Un sondage de l’IFOP publié hier par l’ACAT (Action des chrétiens pour l’abolition de la torture) démontrerait que les Français ont une plus grande acceptation de la torture par rapport au début des années 2000. Je préfère pour ma part utiliser le conditionnel, car dans ce genre d’enquête il convient de garder une certaine réserve. En tout état de cause, ce sont les circonstances qui expliquent l’évolution de l’opinion. Depuis que le terrorisme s’est imposé comme une réalité sanglante jusqu’au cœur de Paris, lorsque l’assassinat d’un couple de policiers intervient comme acte politique dans notre univers urbain, on comprend que l’opinion s’émeuve et s’interroge sur les moyens propres à juguler la violence, celle-ci s’inscrivant dans un climat de guerre.

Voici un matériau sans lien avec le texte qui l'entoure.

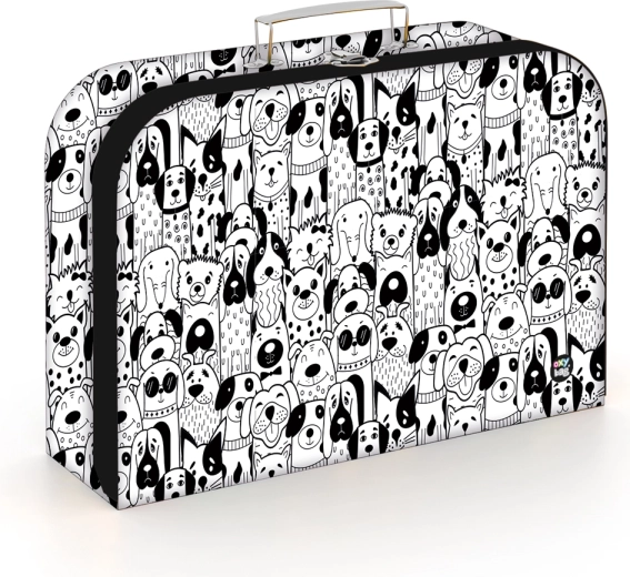 Praktisch en licht kinder koffertje met hondjesmotief, ideaal voor school en vrije tijd. Geschikt voor A4-formaat, gemaakt van stevig laminaat en dankzij het handvat gemakkelijk mee te nemen. Perfect voor schoolspullen, creatieve materialen en als opbergruimte voor speelgoed.
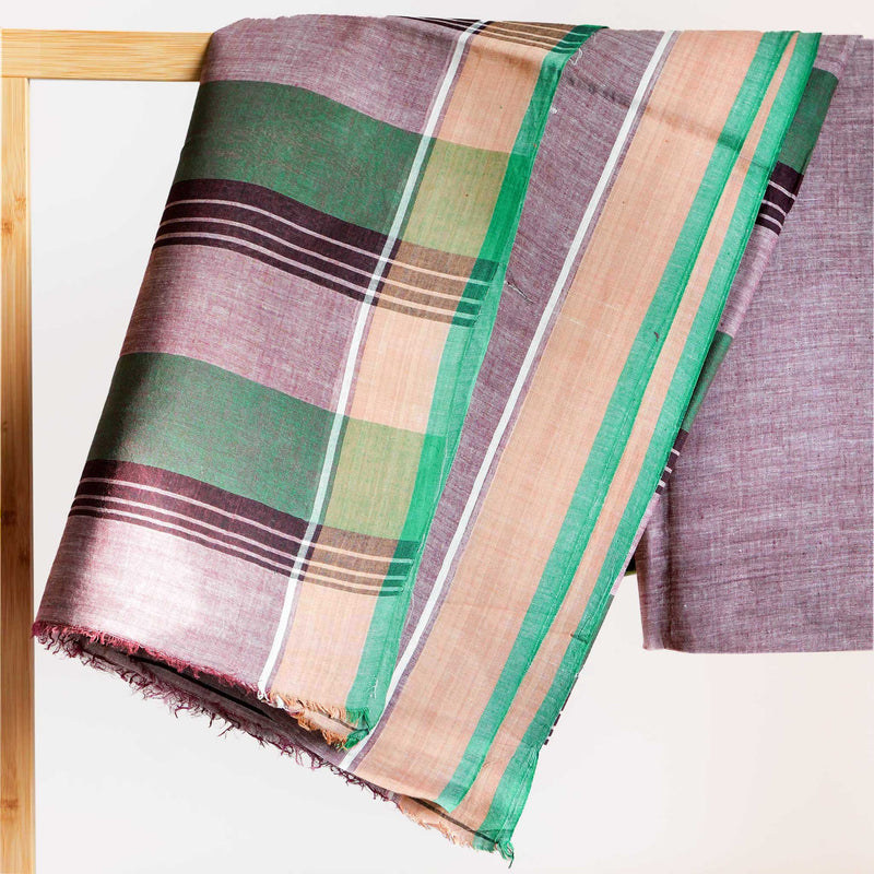 £72.00These hand-loomed cotton saris are woven with colourful stripes at each end, and a colourful border down each selvedge edge. The central 4.5m of the sari is not striped.

Je ne dis évidemment pas cela pour justifier d’une façon ou d’une autre la licéité de la torture, j’en ai une souveraine horreur. On peut être effrayé à l’instar de Jean-Étienne de Linares, délégué général de l’ACAT du fait que « 36 % des Français estiment que dans certains cas exceptionnels, (attentats, guerres, etc), on peut accepter le recours à la torture ». On peut être confondu devant l’affirmation selon laquelle « 18 % des Français se sentiraient capables de pratiquer eux-mêmes la torture ». C’est un véritable vertige moral qui s’empare de vous, lorsqu’on mesure la gravité sans nom d’une atteinte à la personne, réduite à la douleur d’un corps souffrant sous l’effet d’un sadisme insupportable.
Mais en même temps, il convient d’apprécier les circonstances qui expliquent cette évolution de l’opinion. Une opinion qu’il faut mettre en garde, à laquelle il faut rappeler sans relâche ses devoirs d’humanité, mais à laquelle il ne faut pas mentir. Ce qui justifie l’ACAT c’est son caractère non partisan, d’autant plus humanitaire que son engagement s’inspire de l’Évangile. En d’autres temps, la dénonciation de la torture a pu être une arme politique pour délégitimer une armée ou un État, alors même que cette armée et cet État étaient aux prises avec un terrorisme inhumain. Il faut des gardiens de l’intégrité humaine, mais il ne faut pas cacher non plus les enjeux redoutables et la difficulté de la lutte contre la terreur. Nous sommes face à un défi universel. Le Monde d’hier annonçait l’offensive de l’armée algérienne contre le déploiement de l’AQMI et de l’EI sur son territoire. On na pas oublié, outre-Méditerranée, l’horreur de la guerre civile, menée par le Front islamique du salut.
Chronique diffusée sur Radio Notre-Dame le 22 juin 2016.